Sometimes there’s a durable underlying problem that will just start the feedback loop going again after your reset, unless you head it off. Maybe you quit Facebook to kill the “I post on Facebook a lot, so I get notifications about responses a lot, so then I’m always on Facebook and end up posting a lot” loop. But you don’t fix the underlying problem with your executive function and your unmet social needs, so you just end up addicted to Tumblr instead.
Sometimes people just seem to have more of a tendency for negative feedback than positive feedback. When they fail at things they fail hard, but when they succeed they can’t build on it, so negative feedback loops last and become stronger whereas positive feedback loops falter quickly. (Many different small things probably contribute. Feeling more guilty about failures than happy about successes. Or letting tasks overrun and delaying new tasks when you’re slow, but not using the extra-time-created to start new tasks earlier when you finish faster. Or having resets like distractions kill your positive loops, but not interrupt your negative loops.)

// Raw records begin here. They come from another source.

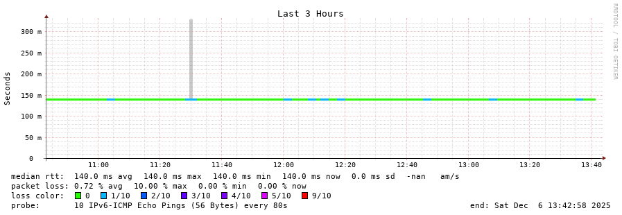13 > 2001:4350:1:1::ff90 (2001:4350:1:1::ff90) [AS5438] 139.841ms 139.835ms 139.837ms
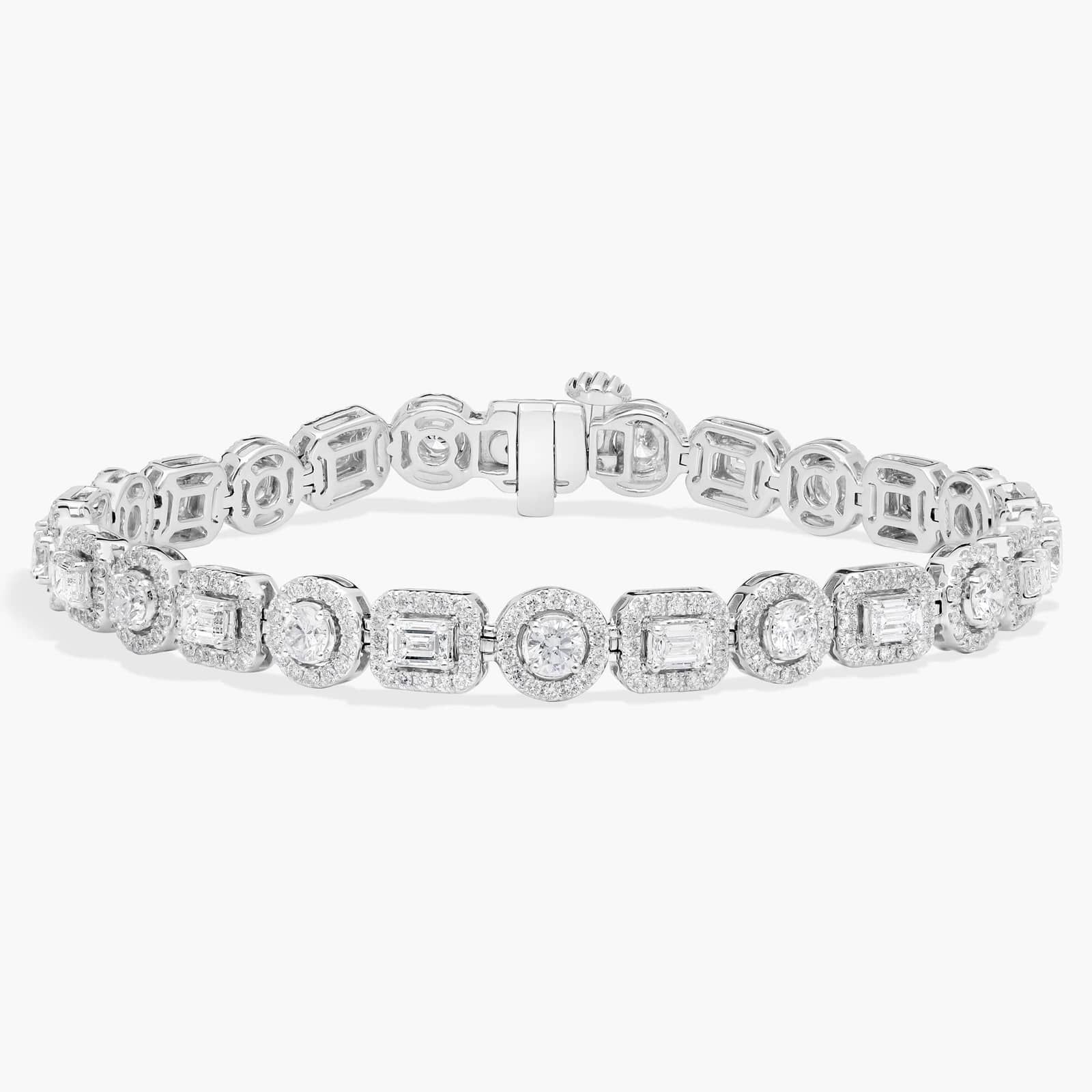 Diamond Halo Bracelet with 5 CTW Emerald and Round Cut Lab-Grown Diamonds in 14K White Gold
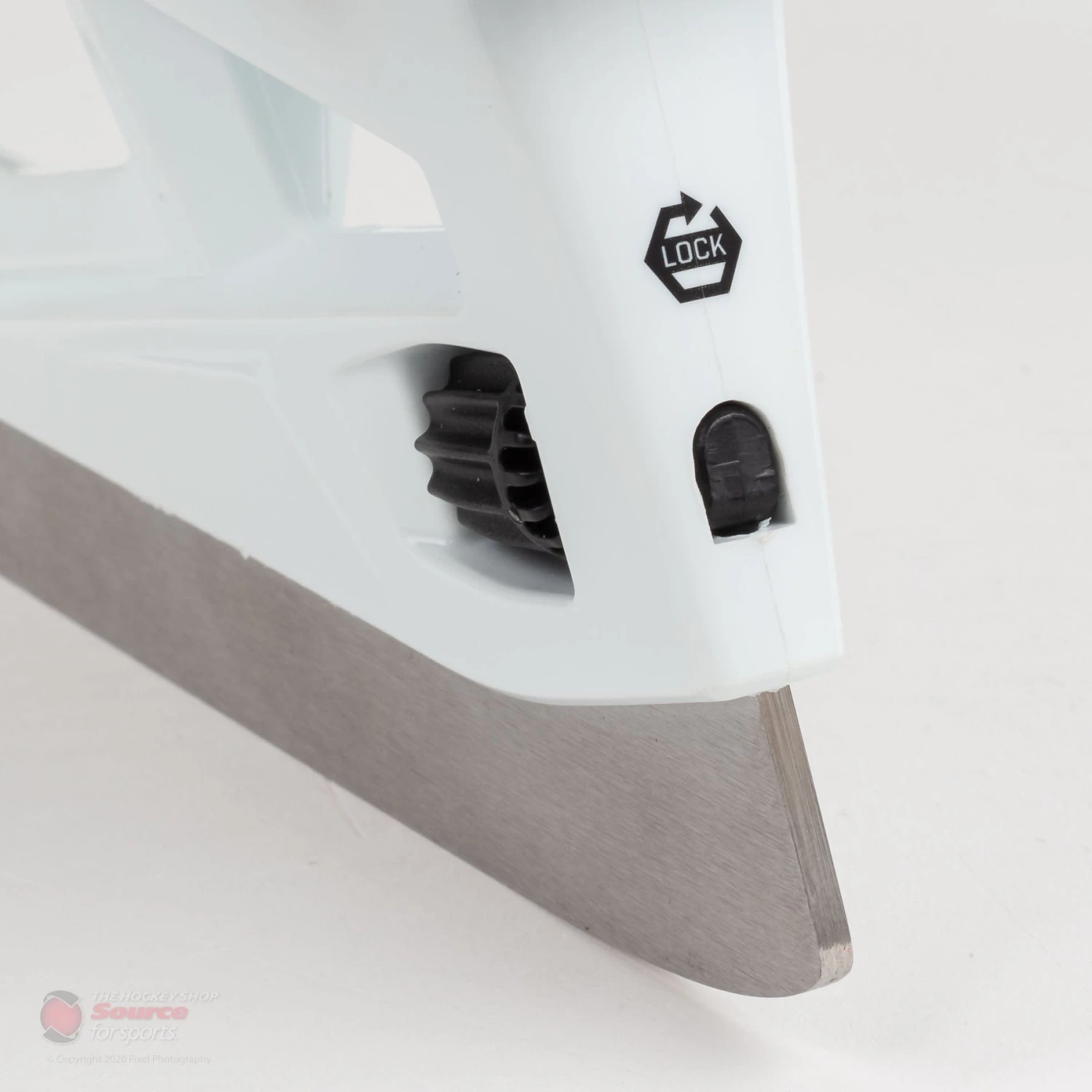 The CCM Super Tacks 9380 SR Goalie Skates are designed with the performance level goalie in mind. The 9380 goal skates feature a stiff MetaFrame boot construction built with CCM’s RocketFrame Composite, giving goalies a durable boot with increased structural stiffness. An asymmetrical collar allows goalies to get deep in their stance while a thermoformable core allows goalies to get a better fit than before. A TotalDri liner wicks moisture away while a Tritech flex tongue protects against lace bite, all while providing improved comfort. Ortholite insoles give goalies lightweight comfort while locking your feet into the skates. An XSG1 +2mm stainless steel runner gives the blades excellent edge life while sitting taller than previous generation CCM steel.

The most important thing I’ve found is to have a clear idea of what sustains your negative feedback loops. It’ll be lots of things, but there’s usually a major one - for me I think it’s that the more I procrastinate the more I want to procrastinate. (I game for a while, so I end up caring about my ranking in the game, so I want to game more. I spend time on tumblr, so the Discourse becomes salient, and my brain comes up with more Discoursey thoughts it wants to talk about. I get into stupid arguments, so I’m emotional about stupid arguments and want to spend all my time shouting at people. I do some conlanging, so conlanging is super available and I end up thinking about it rather than thinking about my work.)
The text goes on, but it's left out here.